India’s First Vehicle-to-Grid (V2G) Showcase
Kerala, in partnership with the India Smart Grid Forum and backed by technical support from the University of Delaware, demonstrated live bidirectional power flow using retrofitted Tata Nexon EVs. The pilot proves that parked EVs can become flexible storage, exporting energy back to the grid during peak demand and recharging off-peak—an essential step if India is to run a higher share of renewables without destabilising the system.
One App, All Chargers
ANERT’s in-house team also launched EZ4EV, Kerala’s first unified charging application. Drivers can now:
- see real-time charger availability
- plan trips door-to-door
- pay tariff-based bills (no third-party mark-ups)
- access 18 public stations across the state from a single dashboard
Unified apps are the missing link in customer experience; Kerala just filled that gap.
Customer-First Infrastructure
Charging downtime just became productive. The state opened a dedicated EV customer lounge—air-conditioned, with refreshments, Wi-Fi, news and washrooms—right inside the ANERT campus. It’s a small touch, but it turns charging from a chore into a coffee break.

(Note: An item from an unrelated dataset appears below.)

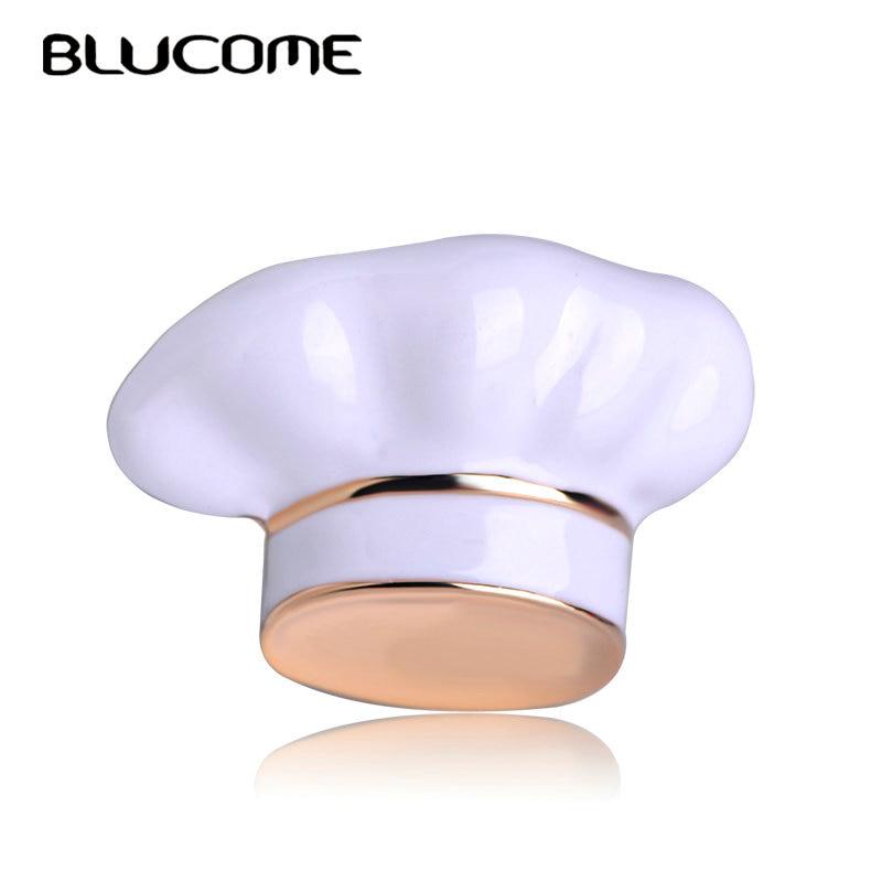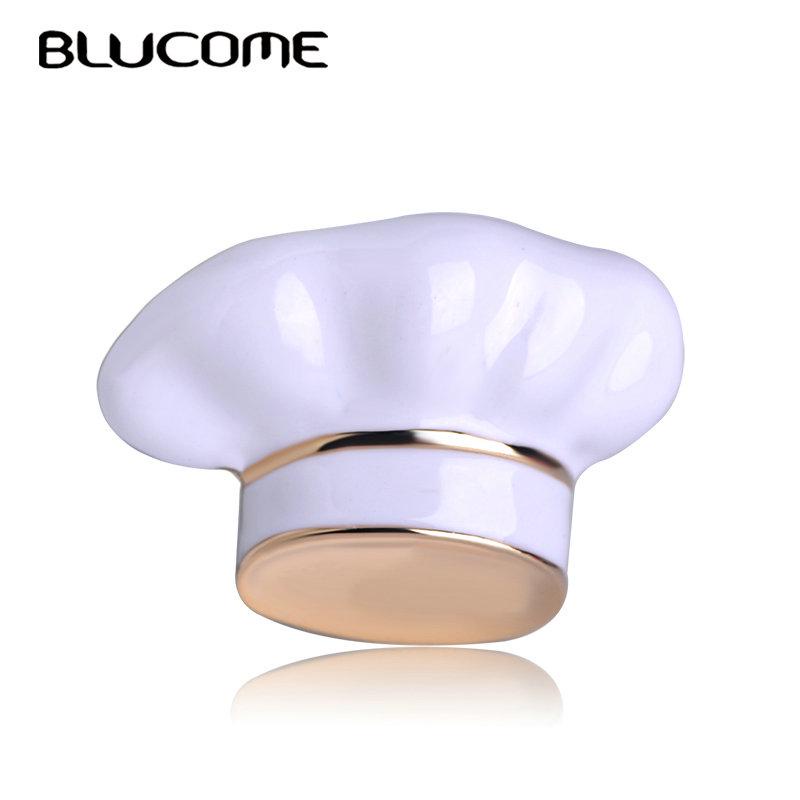 Blucome New Arrival Chef Hat Shape Brooch White Enamel Corsage Women Men Kids Brooches Chef Waiter Pins Hats Sweater Accessories

Solar-Powered Battery Storage
Rounding out the launch was a 100 kW / 150 kWh grid-interactive solar battery energy-storage system. The installation keeps the campus running on solar power after sundown, eliminates diesel generators and feeds surplus clean energy back to the local network.

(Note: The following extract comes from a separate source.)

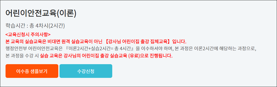 온라인으로 보육교직원 특별직무교육을 운영하고 있습니다. 어린이집 보육교사는 일년에 1회 필수교육을 받아야 하는데요. 모든 의무교육을 이수후 이수증 발급과 교육을 제공하고 있습니다.
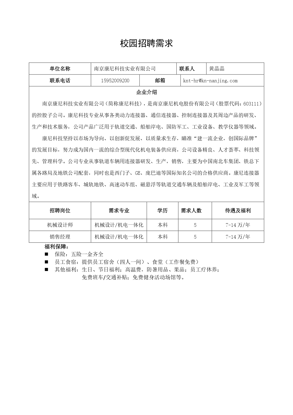 南京康尼科技实业有限公司校园招聘

Why This Matters for the Rest of India
- Blueprint for state utilities – By combining V2G, a unified app, premium customer facilities and on-site storage, Kerala delivers a template that any state DISCOM can replicate.
- Stronger business case for EVs – Bidirectional charging opens revenue streams for fleet owners and utilities alike.
- Consumer confidence – A friction-free charging experience accelerates EV adoption more effectively than subsidies alone.
Kerala is leading by example… this V2G initiative sets a national precedent for how EVs can play an active role in energy management
Reji Kumar Pillai, president of the ISGF
The All India EV Take
We think Kerala just proved that the EV ecosystem is more than chargers and cars—it’s an energy platform. States planning their next round of FAME-III or state-level incentives should look closely at how Kerala stitched separate projects into one seamless user journey.
All India EV will track the performance data from this V2G pilot and share insights as they emerge. For now, kudos to ANERT and its partners for showing the country what an integrated, customer-centric EV future looks like.